Sunday, May 29, 2011

Dear babycenter, Five months, week 1

Originally posted at http://beginnersguidetomotherhood.blogspot.com/.  There you can read commentary from my sister and me.

Dear babycenter,

Thanks for all the blog fodder. 

First up, your article "7 mommy guilt trips to avoid."  Your Number One guilt-inducer?  Feeding your baby formula.  The paragraph says, "You may feel like you're the only formula-feeding mom in the universe, but this is far from the truth."  WHAT? What woman feels like the only formula-feeding mom in the universe?  I feel constantly isolated for exclusively breastfeeding my five month old; I feel like the only breastfeeding mom in the universe.  

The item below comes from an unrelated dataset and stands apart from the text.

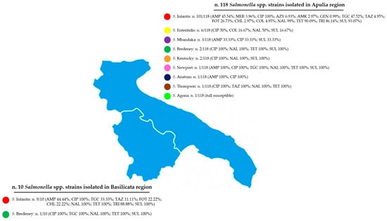 Salmonella isolates showed the following resistance percentages (Table 4): AMP (53/128) (41.41%), MER (4/128) (3.13%), CIP (122/128) (95.31%), AZY (7/128) (5.47%), AMK (3/128) (2.34%), GEN (1/128) (0.78%), TGC (53/128) (41.41%), TAZ (7/128) (5.47%), FOT (29/128) (22.66%), CHL (5/128) (3.91%), COL (6/128) (4.69%), NAL (119/128) (92.97%), TET (105/128) (82.03%), TRI (95/128) (74.22%), and SUL (111/128) (86.72%). Three isolates (2.34%) were sensitive to all antibiotics. The nine serotypes isolated with antimicrobial resistance are reported as follows (Table 5): S. Infantis (110/128) AMP (45.45%), MER (3.64%), CIP (100%), AZY (6.37%), AMK (2.73%), GEN (0.91%), TGC (46.36%), TAZ (5.45%), FOT (26.36%), CHL (4.55%), COL (4.55%), NAL (99.09%), TET (90.91%), TRI (86.36%), and SUL (93.64%); S. Enteritidis (6/128) CIP (50%), COL (16.67%), NAL (50%), and SUL (16.67%); S. Mbandaka (3/128) AMP (33.33%), CIP (33.33%), and SUL (33.33%); S. Bredeney (3/128) CIP (100%), TGC (33.33%), NAL (100%), TET (100%), and SUL (100%); S. Kentucky (2/128) CIP (100%), NAL (100%), and SUL (100%); S. Newport (1/128) AMP (100%), CIP (100%), TGC (100%), NAL (100%), TET (100%), and SUL (100%); S. Anatum (1/128) AMP (100%), and CIP (100%); S. Thompson (1/128) CIP (100%), TAZ (100%), NAL (100%), and TET (100%). These results were related to two regions in which samples were collected. In particular, 118 (92.18%) out of 128 strains were isolated in Apulia region as follows: S. Infantis (101/118) AMP (45.54%), MER (3.96%), CIP (100%), AZY (6.93%), AMK (2.97%), GEN (0.99%), TGC (47.52%), TAZ (4.95%), FOT (26.73%), CHL (2.97%), COL (4.95%), NAL (99%), TET (90.09%), TRI (86.14%), and SUL (93.07%); S. Enteritidis (6/118) CIP (50%), COL (16.67%), NAL (50%), and SUL (16.67%); S. Mbandaka (3/118) AMP (33.33%), CIP (33.33%), and SUL (33.33%); S. Bredeney (2/118) CIP (100%), NAL (100%), TET (100%), and SUL (100%); S. Kentucky (2/118) CIP (100%), NAL (100%), and SUL (100%); S. Newport (1/118) AMP (100%), CIP (100%), TGC (100%), NAL (100%), TET (100%), and SUL (100%); S. Anatum (1/118) AMP (100%) and CIP (100%); S. Thompson (1/118) CIP (100%), TAZ (100%), NAL (100%), and TET (100%). The 10 (7.82%) out of 128 strains isolated from samples collected in Basilicata region showed the following resistance: S. Infantis (9/10) AMP (44.44%), CIP (100%), TGC (33.33%), TAZ (11.11%), FOT (22.22%), CHL (22.22%), NAL (100%), TET (100%), TRI (88.88%), and SUL (100%); S. Bredeney (1/10) CIP (100%), TGC (100%), NAL (100%), TET (100%), and SUL (100%) (Figure 1). Out of 128 strains, 112 (87.5%) isolates showed MDR profiles (Table 6). Moreover, 16 isolates (12.5%) were confirmed to be ESBL producers.

This is a tricky issue for me.  On one hand, I'm an avid breastfeeder.  I do tend to judge anyone who doesn't breastfeed.  But I also understand that some women have legitimate issues trying to breastfeed.  Those women shouldn't feel guilty.  But women who simply choose not to for selfish reasons?  I'm not sure I'm ready to give them a pass.   

Number 2? Using TV as a babysitter.  I can't even go there.  I have serious issues with the TV, even how much television adults in our society watch, so I better not go into how much we think it's "okay" for our infants to watch.  Television is certainly contributing to health problems in our children and adults.  It's negatively affecting our society in so many ways we can't even keep track.  So do yourself and your child a favor.  Turn off the tube.  (And don't call it the boob tube, that drives me nuts).  Go outside to play.  And if you need to get something done, find a way to involve your child, or entertain him without the television.  If I can use my sewing machine with a wiggly 5 month old superbaby in my lap, so can you.

Number 3? Being environmentally unfriendly.  I'm so tired of all the excuses for not being environmentally friendly.  We better start, as a society, being nice to this planet, or we will soon find we have nowhere to live.  Haven't you people seen Wall-E?

Number 4 – Feeding your kids junk food.  I'll give everyone a pass on this.  Unless you are cooking from scratch, you are eating junk food.  All prepared food is junk food, and most shouldn't even be considered "food."  It would take much too long to address the nutrition issue, so check out Fast Food NationIn Defense of Food, and Food, Inc. if you are interested.
Number 5 is leaving your child with another caregiver.  Gone are the days of women in the home, for the most part.  Our modern society has nearly forced us to all have two income homes.  Unless you make some serious sacrifices.  Maybe that's why it's easy for me to say "no TV."  We can't afford it, so we don't have it.  It's not possible for every family, but on one income, our family is making a mortgage payment, a car payment, and a credit card payment.  It would cost us more to pay someone to watch E than a second income would bring in.  So that's definitely one I agree with – women are forced into the workforce, so don't feel guilty about needing a babysitter. 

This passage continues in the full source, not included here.